Brian Armstrong, Coinbase founder and CEO made a public statement to voice his concerns against the subpoena. “Asking for detailed transaction information on so many people, simply for using digital currency, is a violation of their privacy, and is not the best way for us to accomplish our mutual objective.” By taking action that is “overly broad,” he continued, “the IRS incorrectly implies that all users of virtual currency are evading taxes.”
 
Bitcoin advocacy groups have emerged in response to this, calling on federal and state governments to provide a better regulatory and taxation framework for digital currencies.
 
The Digital Assets Tax Policy Coalition for example has been created  to “develop effective and efficient tax policies for the growing virtual currency markets.” The Blockchain Alliance has likewise been facilitated to “open dialogue between the private and public sectors about digital assets and Blockchain technology.”
 
Bridging the gap between government hurdles and an industry that has risen to $20 billion in market value is increasingly necessary for all stakeholders.

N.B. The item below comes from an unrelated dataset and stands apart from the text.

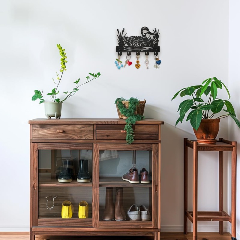 - Practical: The 5 hooks of the Wild Duck Reed Key Holder for Wall are made of high quality alloy, with smooth surface, not easy to rust and prevent scratching clothes. Suitable for hanging Shirt, small bags, umbrellas, keys, hats, scarves, belts, eyeglasses, wallets, kitchen utensils and other small and light items.
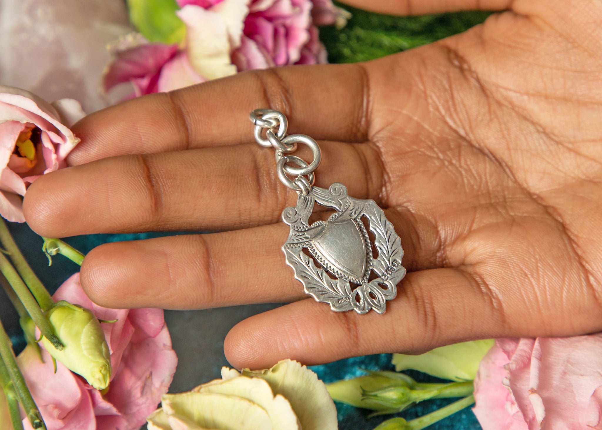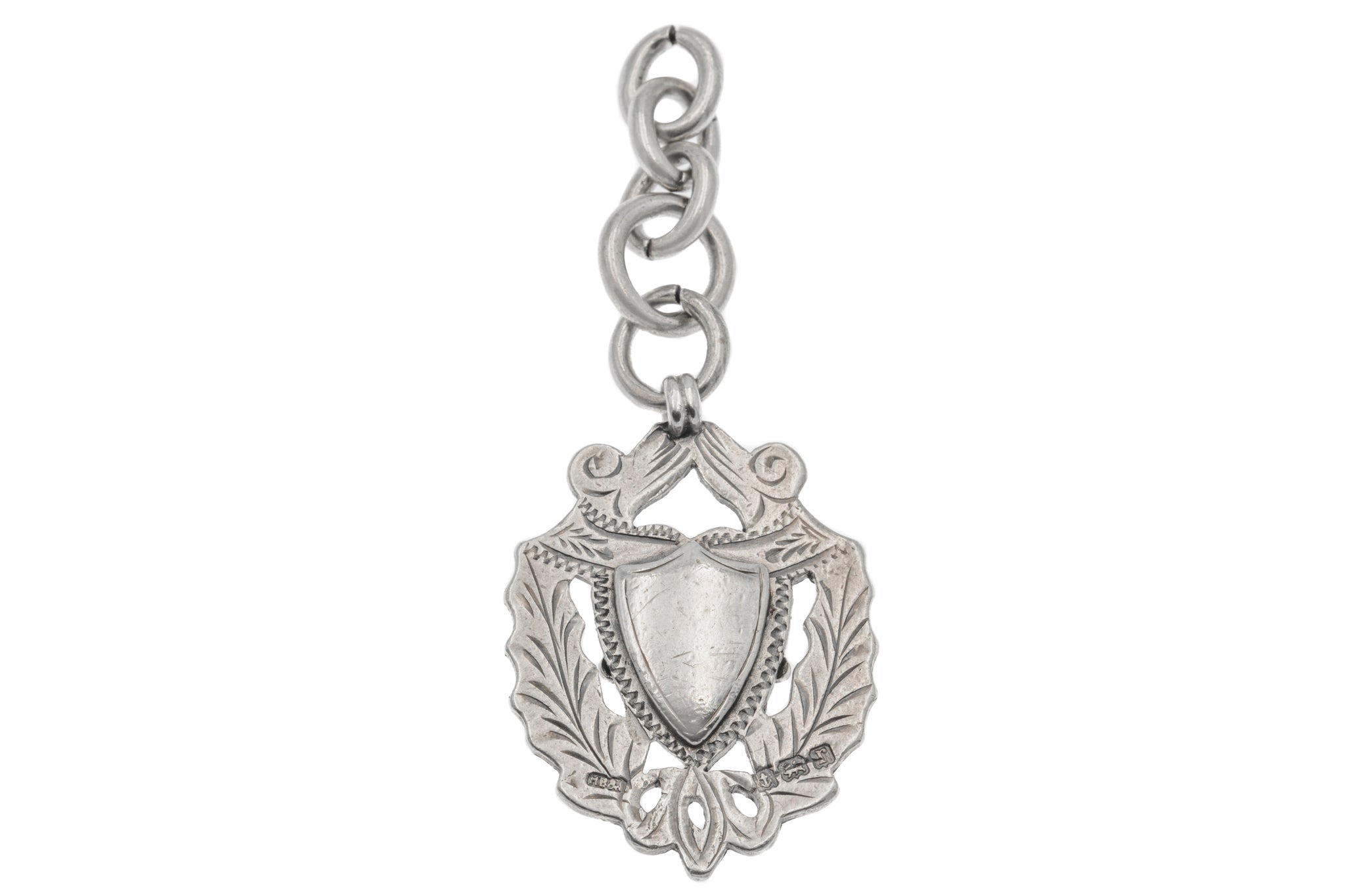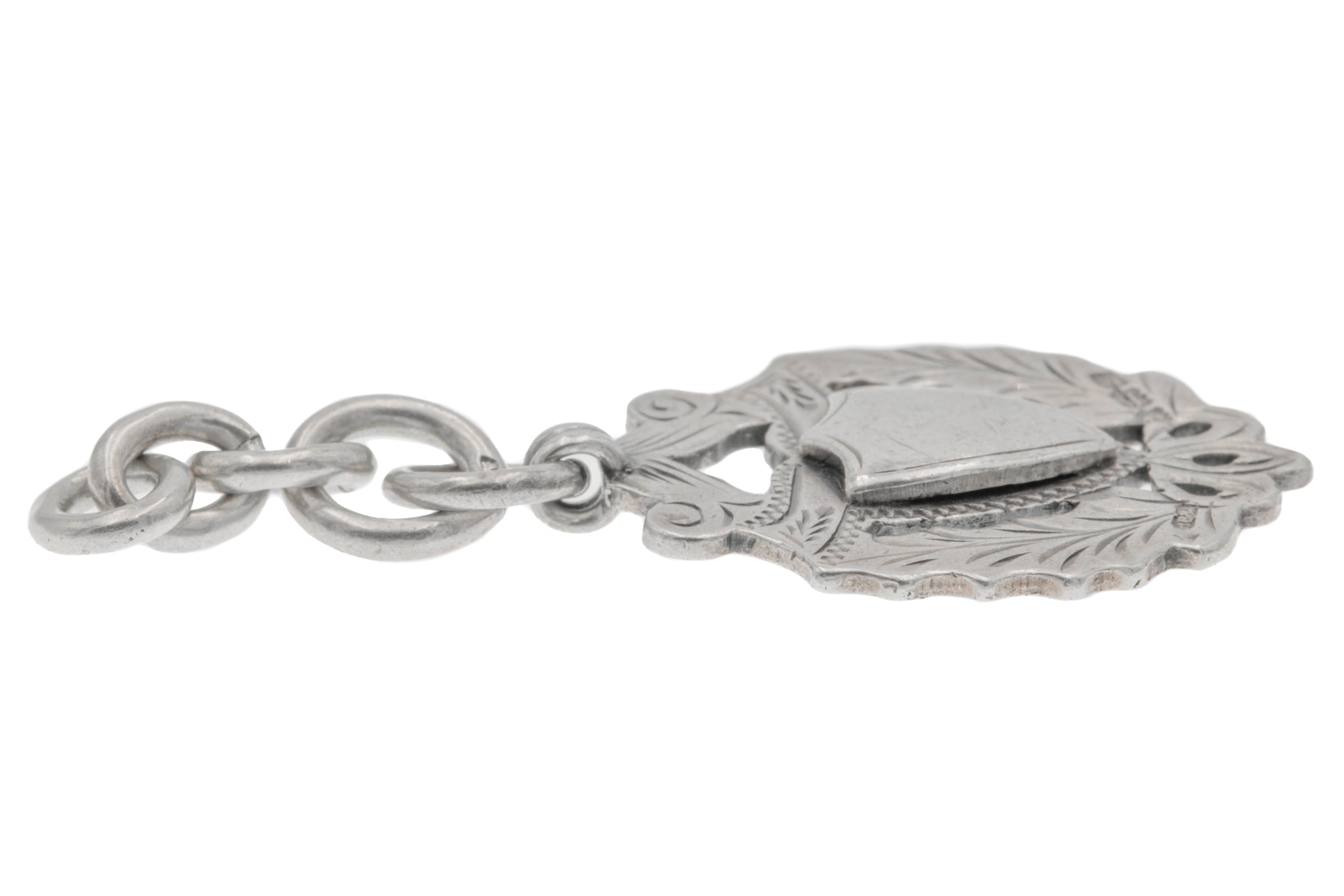 VERY GOOD: This antique Silver Medal Fob is in very good condition. Heavy, sturdy, and equipped with 5 jump rings, we can assure you this fob will last you for many years to come! She features some surface wear on the front and back, but her Silver is still shiny and bright. You could even personalise this antique by engraving the blank shield!

A recent Business Intelligence Insider report shows that the current complexity of the US regulatory system is a major hindrance to the development of a “coherent fintech policy.” Moreover, it concludes that without allowing digital commerce  to “achieve a scale necessary for success,” the U.S. will continue falling behind the UK and some areas of Europe.

Creating a taxation framework that is stable and standardized, adaptable to digital trends, and maintains basic privacy standards is key to the broader development of the US bitcoin industry.